Something flickered in his eyes. “Where were you?”

“Bali.”

“Your first trip away?”

“Yeah.”

“So you had a fling. And then?”

“And then there’s the end. The good-bye. The regrets. The what-ifs.”

“But you know the good-bye is coming. There’s no missing something you never really had.”

“Yeah? Definitely not
something
for him. But he’d
said
there was, so there actually was for me. So why would I knowingly go down that road again when I already know the hurt that’s at the end of it?”

His gaze narrowed. “There shouldn’t be hurt. There should just be a, ‘Thank you for making this time so magical. Without you it wouldn’t have been nearly so amazing.’”

“Is that how you play it?” She raised one brow. “You mean, ‘Without you I wouldn’t have had all that hot sex.’”

“Nothing wrong with hot sex.”

“No, but that’s never
all
there is. There’s always more. There are always complications.”

“What were the complications with the Bali guy?”

“The affair lasted the whole trip. Every minute of every day together, you know? So there were tears at the airport—both of us.” He really had cried. “He’d said more…stuff,” she fudged, not wanting to reveal what a complete idiot she’d been. But he’d told her he loved her, that he’d wanted her to go and live with him, and that had played on her weakest part. No one had ever wanted her to live with him—not without being paid to do so. Not even Grandma Bea.

“So, he said stuff that wasn’t true?”

She nodded but didn’t explain further.

“He already had a girlfriend?” Hunter paused at her silence, and his brows shot up. “A
wife
?”

In some ways it would have been better if there
had
been another woman. Then she’d have come second to something.
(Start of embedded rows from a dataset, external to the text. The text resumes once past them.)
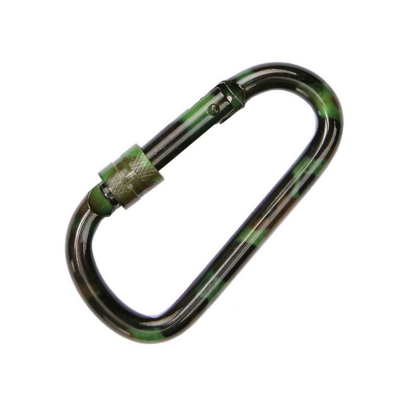 Karabinek w kamuflażu będzie służył do łatwego i szybkiego troczenia drobnego ekwipunku, kiedy nie mamy czasu na schowanie go w plecaku lub torbie.
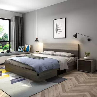 Double bed Nordic modern minimalist master bedroom storage bed High box bed rental room Small apartment bed 1 8 meters 1 5 meters bed
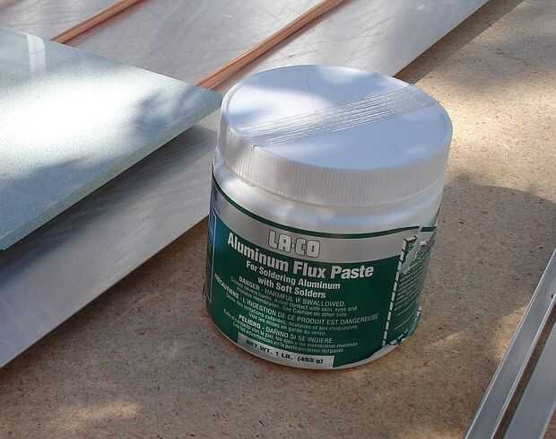 Foto 2: Pensé que era imposible soldar aluminio. Incorrecto! Necesita el flujo adecuado. Me compré este de McMaster-Carr para cerca de $30. Notas: 1) comprar un bote más pequeño, esta fue la manera más de necesario. 2) ser cuidado, esta materia es desagradable: tiene Fl y respirar sus vapores o tocar no se recomienda!
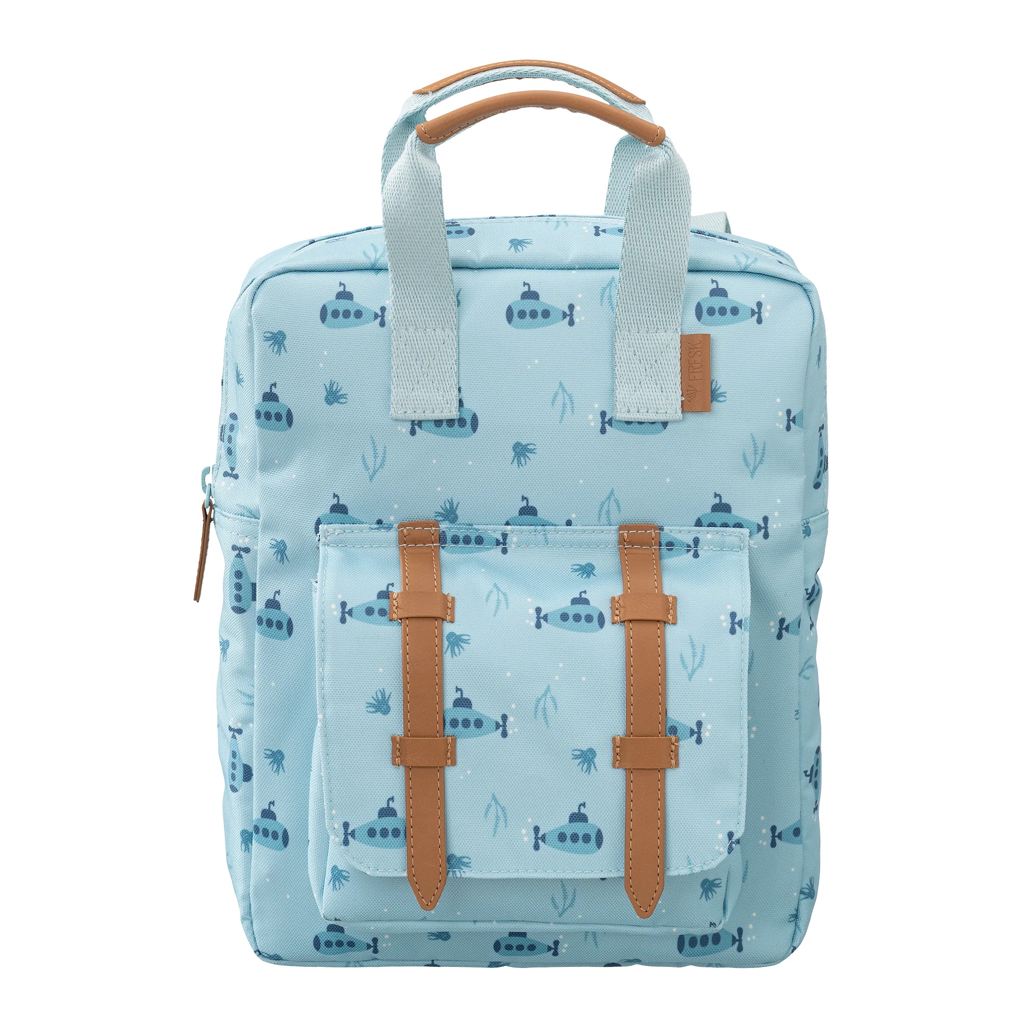 Wonderfully cheerful backpack from the Fresk brand! The backpack has 1 large storage compartment inside and a separate compartment for a drinking bottle. There is a small extra pocket at the front with a magnetic closure.
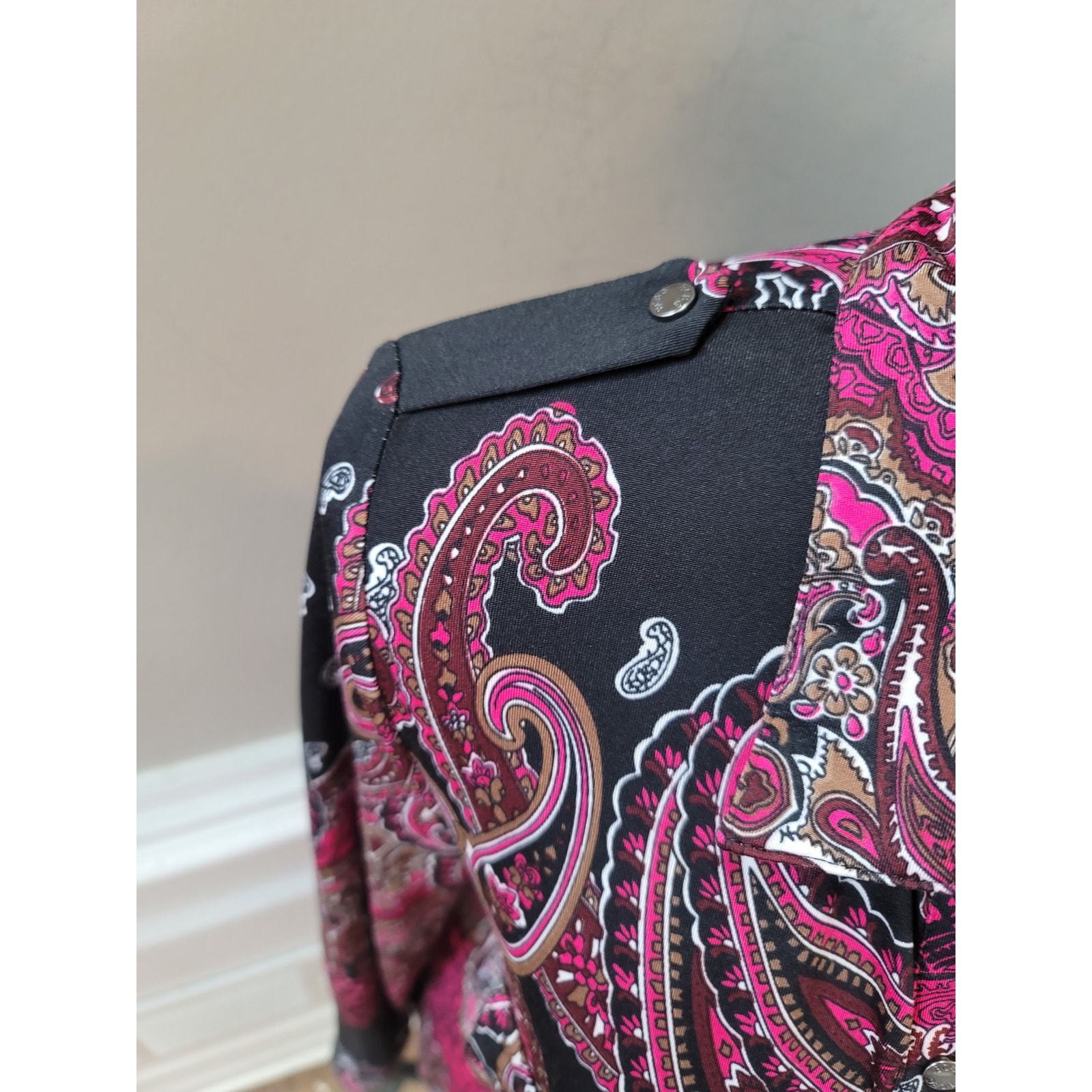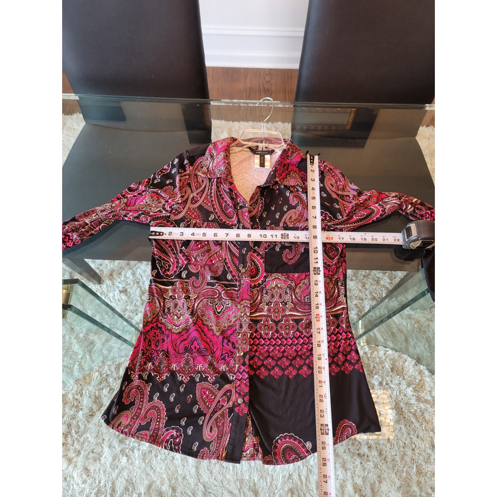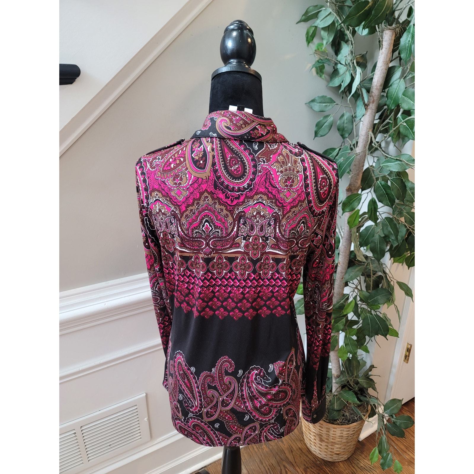 - BCBG Max Azria Blouse Women's Medium Black Pink Paisley Print Long Sleeves

But no, the guy was single. “No,” Emma said quietly. “He just didn’t want to know me after the trip.”

Hunter frowned. “You met up with him again?”

“Yep,” she mumbled. It was the most embarrassing bit. She’d chased him, and he’d been clearly embarrassed. He hadn’t wanted to introduce her to his housemates; he was a total playboy who wasn’t up for any kind of commitment. He’d just been spouting rubbish to get his rocks off on holiday. Nothing had been so crushing. Her already tragic self-esteem had been trashed by that cutting lack of welcome and the curt good-bye.

She’d tried to recover her poise instantly. She had some pride after all. She wasn’t about to beg the guy. And she’d gotten the hell out of there as quickly as she could.

“Sounds to me like he wasn’t honest from the start.”

“He wasn’t honest at any time,” she said.

“Then he’s not worth spending another second of your life on. Forget him.” He made it sound so easy.

“I have.” She hardly ever thought of him. But she wouldn’t forget the lesson she’d learned. It was the final nail in her trust coffin. People could never, ever be relied on. No matter what they said.